▶ Exercise: In the material below, find the line with "ANN ANDELMAN 2510 收腰开胸拉链毛衣 花灰" and the line with "Deuxième et importante". Output exactly those two lines and all lines between them, leaving out pictures.

= = =

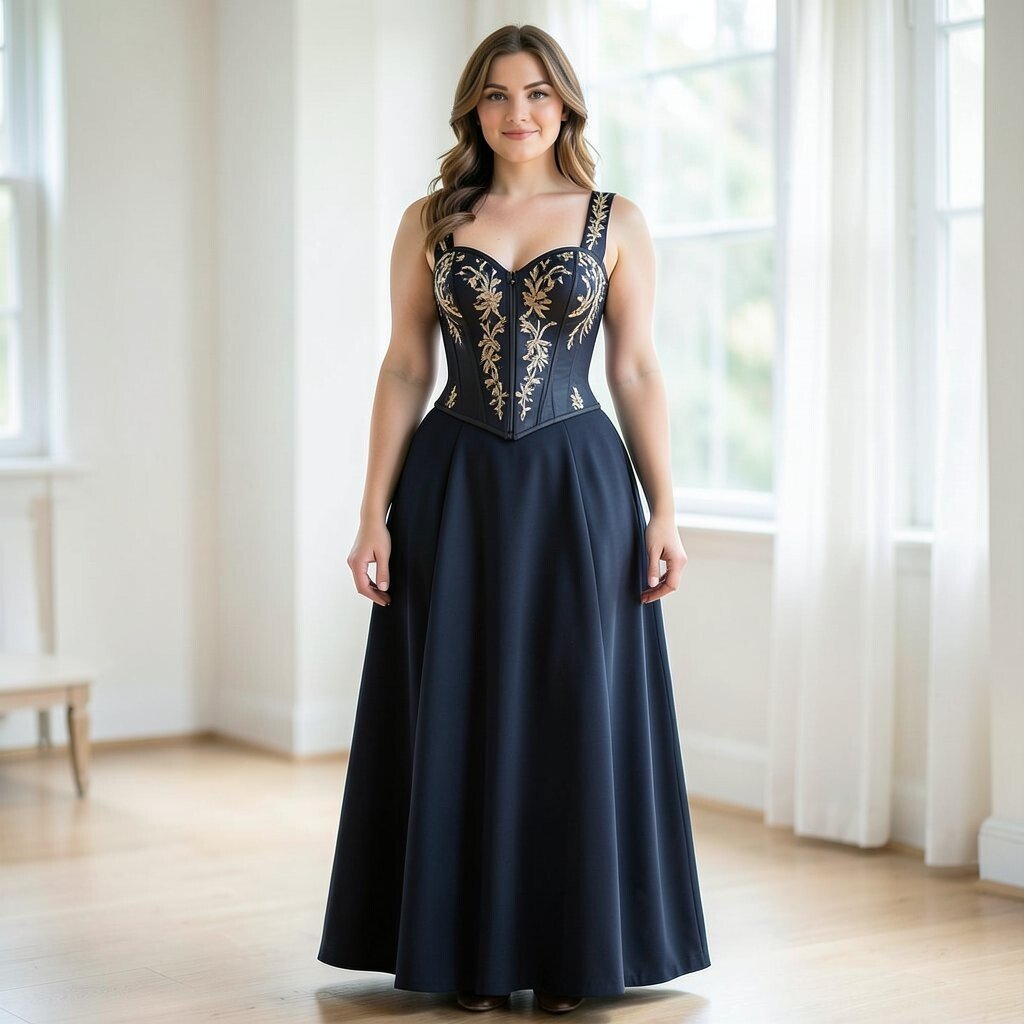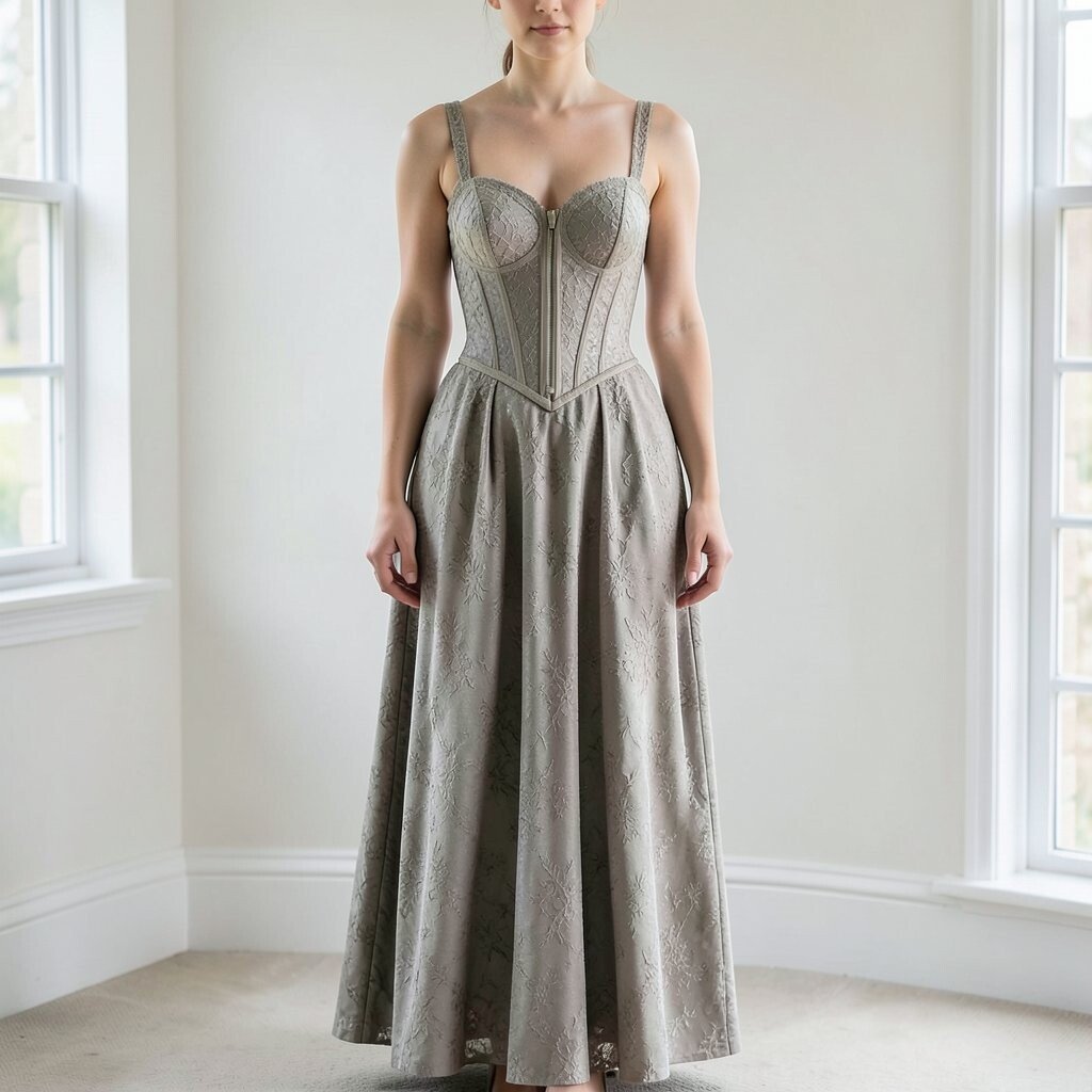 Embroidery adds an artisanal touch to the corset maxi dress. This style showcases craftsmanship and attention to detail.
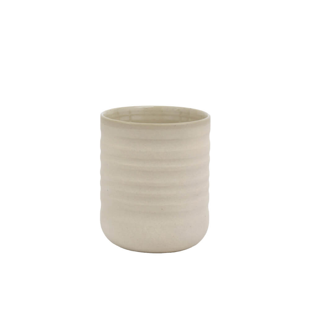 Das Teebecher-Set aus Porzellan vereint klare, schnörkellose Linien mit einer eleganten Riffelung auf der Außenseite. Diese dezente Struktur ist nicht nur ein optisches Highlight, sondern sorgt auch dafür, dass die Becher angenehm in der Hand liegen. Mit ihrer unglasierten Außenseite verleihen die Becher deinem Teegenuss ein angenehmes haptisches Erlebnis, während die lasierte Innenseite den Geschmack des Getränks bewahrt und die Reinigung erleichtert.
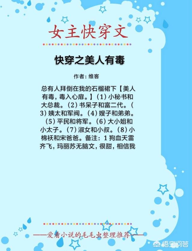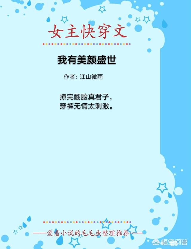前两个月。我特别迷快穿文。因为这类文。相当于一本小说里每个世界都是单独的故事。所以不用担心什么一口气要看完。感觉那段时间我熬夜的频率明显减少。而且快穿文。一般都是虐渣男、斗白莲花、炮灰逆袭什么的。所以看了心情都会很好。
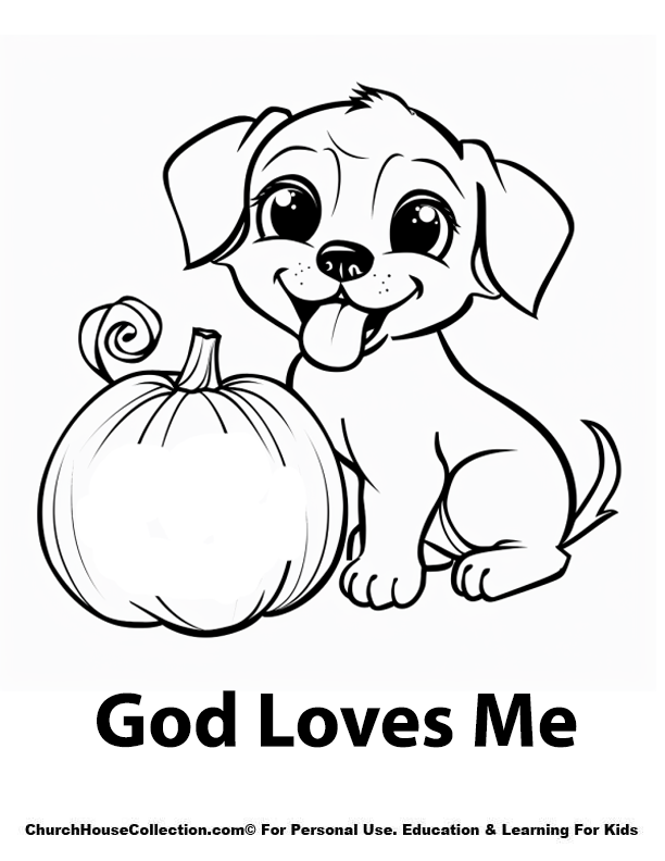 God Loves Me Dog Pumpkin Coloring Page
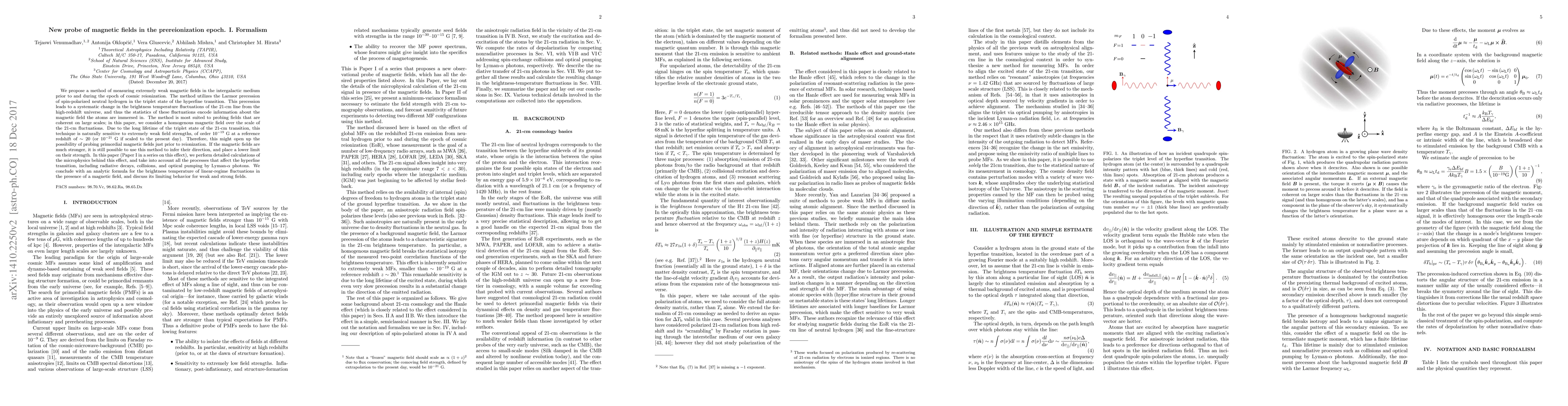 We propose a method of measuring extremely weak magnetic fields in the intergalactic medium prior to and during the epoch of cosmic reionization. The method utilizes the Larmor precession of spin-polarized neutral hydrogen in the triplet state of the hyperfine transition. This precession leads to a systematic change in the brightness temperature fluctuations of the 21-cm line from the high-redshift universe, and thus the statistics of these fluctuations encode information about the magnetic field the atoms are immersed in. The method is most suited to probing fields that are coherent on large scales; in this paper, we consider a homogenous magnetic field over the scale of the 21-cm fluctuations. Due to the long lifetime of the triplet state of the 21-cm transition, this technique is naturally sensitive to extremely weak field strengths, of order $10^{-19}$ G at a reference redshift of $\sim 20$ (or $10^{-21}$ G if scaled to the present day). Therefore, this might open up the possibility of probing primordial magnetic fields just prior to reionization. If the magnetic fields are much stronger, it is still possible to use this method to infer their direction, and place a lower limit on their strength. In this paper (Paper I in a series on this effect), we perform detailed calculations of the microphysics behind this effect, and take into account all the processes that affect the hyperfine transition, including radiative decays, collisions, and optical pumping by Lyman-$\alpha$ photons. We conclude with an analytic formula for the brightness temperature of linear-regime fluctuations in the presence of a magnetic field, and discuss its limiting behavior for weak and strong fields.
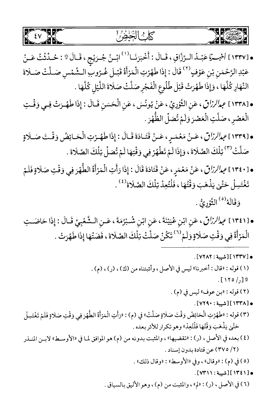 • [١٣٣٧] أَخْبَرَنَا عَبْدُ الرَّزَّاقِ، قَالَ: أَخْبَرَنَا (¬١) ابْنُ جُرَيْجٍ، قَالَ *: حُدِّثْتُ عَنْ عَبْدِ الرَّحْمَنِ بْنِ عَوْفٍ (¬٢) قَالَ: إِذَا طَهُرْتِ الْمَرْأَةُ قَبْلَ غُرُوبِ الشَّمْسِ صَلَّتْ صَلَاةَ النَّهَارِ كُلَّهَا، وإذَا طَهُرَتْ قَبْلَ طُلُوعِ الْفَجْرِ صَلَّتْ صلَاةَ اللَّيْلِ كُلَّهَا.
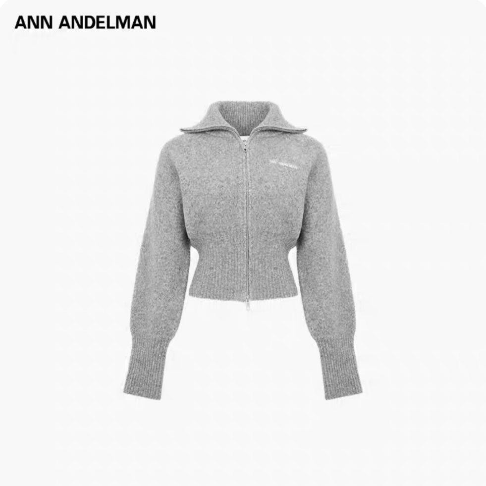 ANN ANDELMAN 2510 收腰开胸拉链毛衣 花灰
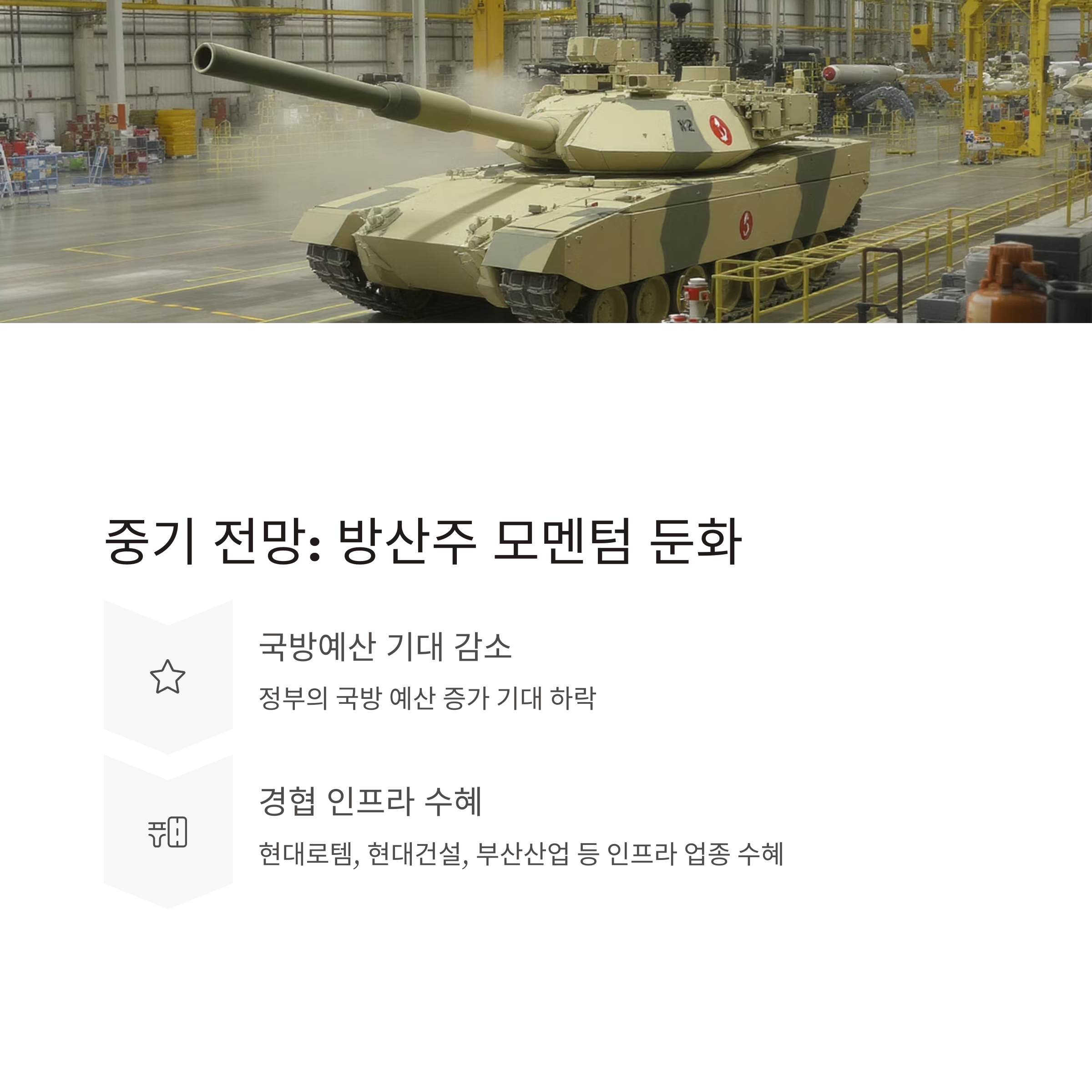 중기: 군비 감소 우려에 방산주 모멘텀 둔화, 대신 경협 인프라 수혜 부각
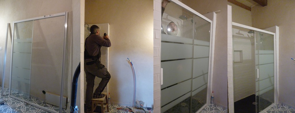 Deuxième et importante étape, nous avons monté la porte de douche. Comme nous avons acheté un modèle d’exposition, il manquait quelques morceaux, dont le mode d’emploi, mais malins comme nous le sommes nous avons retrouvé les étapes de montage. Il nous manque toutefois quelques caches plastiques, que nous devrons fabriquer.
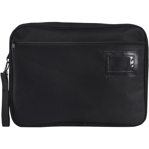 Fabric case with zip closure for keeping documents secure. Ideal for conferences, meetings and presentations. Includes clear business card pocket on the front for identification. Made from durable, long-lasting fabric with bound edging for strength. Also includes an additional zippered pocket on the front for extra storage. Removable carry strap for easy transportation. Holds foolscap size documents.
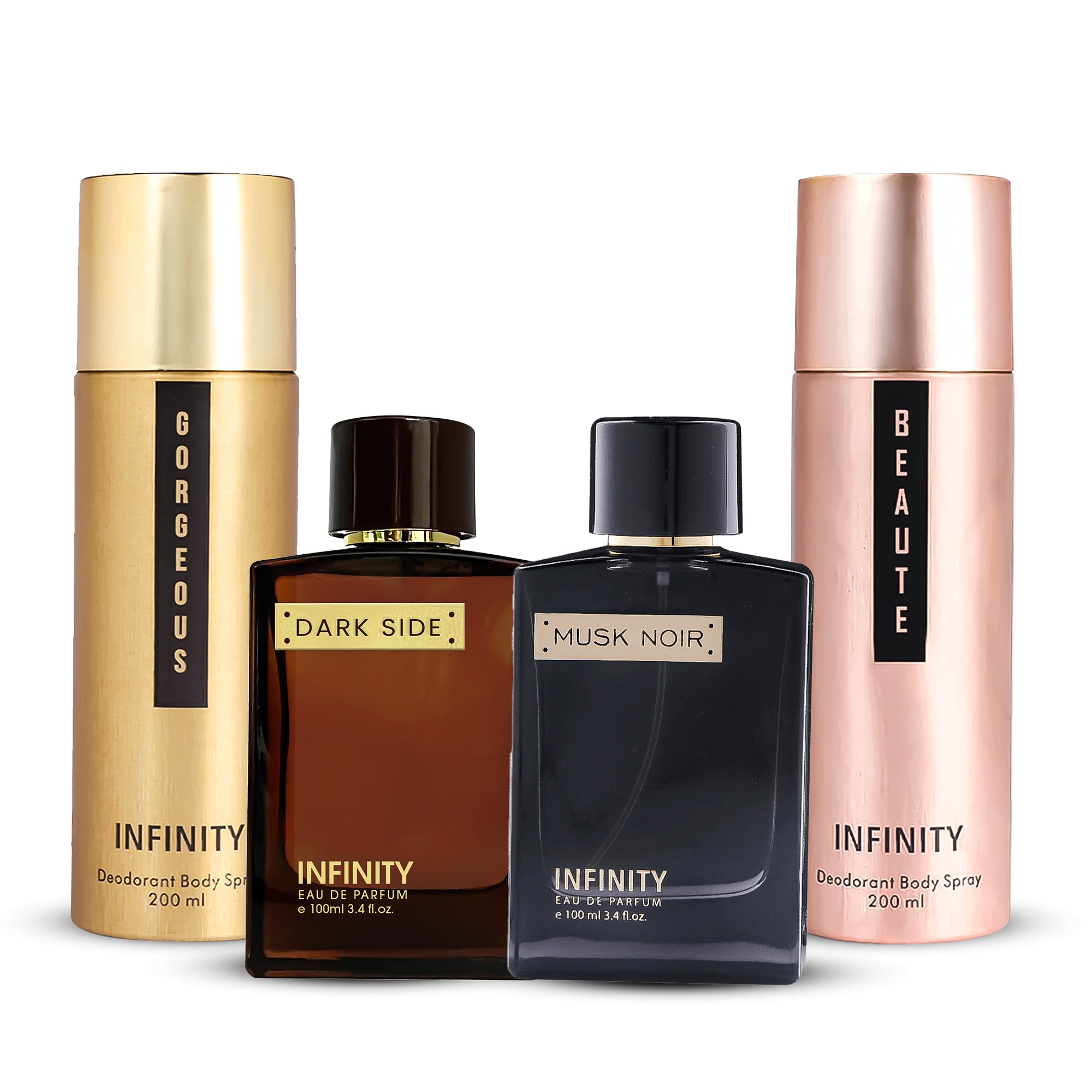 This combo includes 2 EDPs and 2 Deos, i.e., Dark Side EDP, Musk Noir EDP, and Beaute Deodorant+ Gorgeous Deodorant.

= = =

▶ Answer space:
 ANN ANDELMAN 2510 收腰开胸拉链毛衣 花灰
 중기: 군비 감소 우려에 방산주 모멘텀 둔화, 대신 경협 인프라 수혜 부각
 Deuxième et importante étape, nous avons monté la porte de douche. Comme nous avons acheté un modèle d’exposition, il manquait quelques morceaux, dont le mode d’emploi, mais malins comme nous le sommes nous avons retrouvé les étapes de montage. Il nous manque toutefois quelques caches plastiques, que nous devrons fabriquer.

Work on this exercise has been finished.